The first fifteen minutes or so aren't bad. The costumes are beautiful, particularly for a 17th century enthusiast like me. An early scene at a party, in which Joan Fontaine is menaced by Basil Rathbone much as her sister, Olivia de Havilland, was a couple times in the '30s, is kind of marvellous. But as time passed I started to wonder--where's the Errol Flynn or Tyrone Power of this movie? Fontaine's character, the wealthy Dona St. Columb, moves to the countryside and is promptly kidnapped by pirates, the captain of whom turns out to be the leading man, Arturo de Cordova.

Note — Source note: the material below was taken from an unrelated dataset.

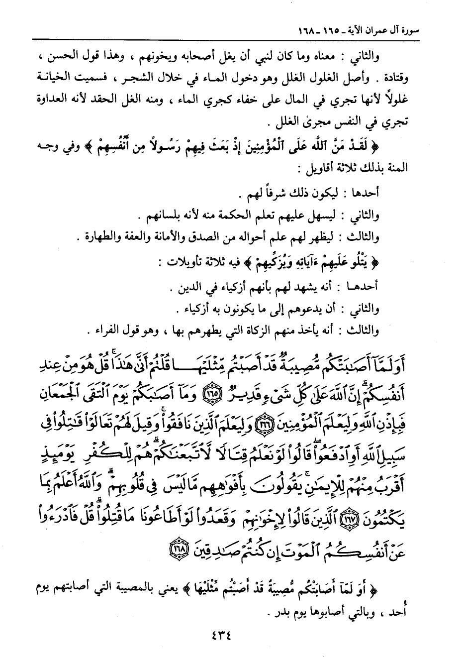 والثاني: معناه وما كان لنبي أن يغل أصحابه ويخونهم , وهذا قول الحسن , وقتادة. وأصل الغلول الغلل وهو دخول الماء في خلال الشجر , فسميت الخيانة غلولاً لأنها تجري في المال على خفاء كجري الماء , ومنه الغل الحقد لأنه العداوة تجري في النفس مجرى الغلل. {لَقَدْ مَنَّ الله عَلَى الْمُؤْمِنِينَ إِذْ بَعَثَ فِيهِمْ رَسُولاً مِن أَنُفُسِهِمْ} وفي وجه المنة بذلك ثلاثة أقاويل: أحدها: ليكون ذلك شرفاً لهم. والثاني: ليسهل عليهم تعلم الحكمة منه لأنه بلسانهم. والثالث: ليظهر لهم علم أحواله من الصدق والأمانة والعفة والطهارة. {يَتْلُو عَلَيهِمْءَآيَاتِهِ وَيُزَكِّيهِمْ} فيه ثلاث تأويلات: أحدها: أنه يشهد لهم بأنهم أزكياء في الدين. والثاني: أن يدعوهم إلى ما يكونون به أزكياء. والثالث: أنه يأخذ منهم الزكاة التي يطهرهم بها , وهو قول الفراء.

Okay, I said the costumes were great, but this is a notable exception. This one has what appears to be a gut window. I was bewildered when I saw this thing. Who thought this was a good idea? Obviously standards of muscular perfection have changed. But I'm pretty sure this--jerkin? Doublet?--would look unflattering on Chris Evans. There is some historical accuracy in it as men did wear doublets unbuttoned in such a manner from the bottom, exposing an undershirt. Why isn't he wearing an undershirt? I can only presume this was for titillation, for those who like their men with soft, hairy bellies.

Even worse, it's the first time we see him, and you know what they say about first impressions. The movie proceeds to be an unabashed, wealthy woman's daydream about leaving her boring old life of comfort and wealth for one in which she gets to rob people and wag swords at them, though, notably, the pirates don't do much killing in this movie. De Cordova's performance is that of a smiling, mild mannered department store clerk guiding his wealthy patroness from one decadent display item to another.

Joan Fontaine, surprisingly, isn't much better. All the subtlety she exhibited in her films with Alfred Hitchcock is gone here, replaced by outright mugging. I was reminded of an Elvis Costello lyric; "She looked like she learned to dance from a series of still pictures." That's how I'd describe her performance here. She lumbers from one facial expression to another, at times seeming totally disconnected from the scene, at other times broadly projecting when her character is supposed to be keeping a secret.

I need hardly say she and de Cordova have no chemistry. She would've been better off with Basil Rathbone.

Frenchman's Creek is available on The Criterion Channel as part of a "Love in Disguise" playlist.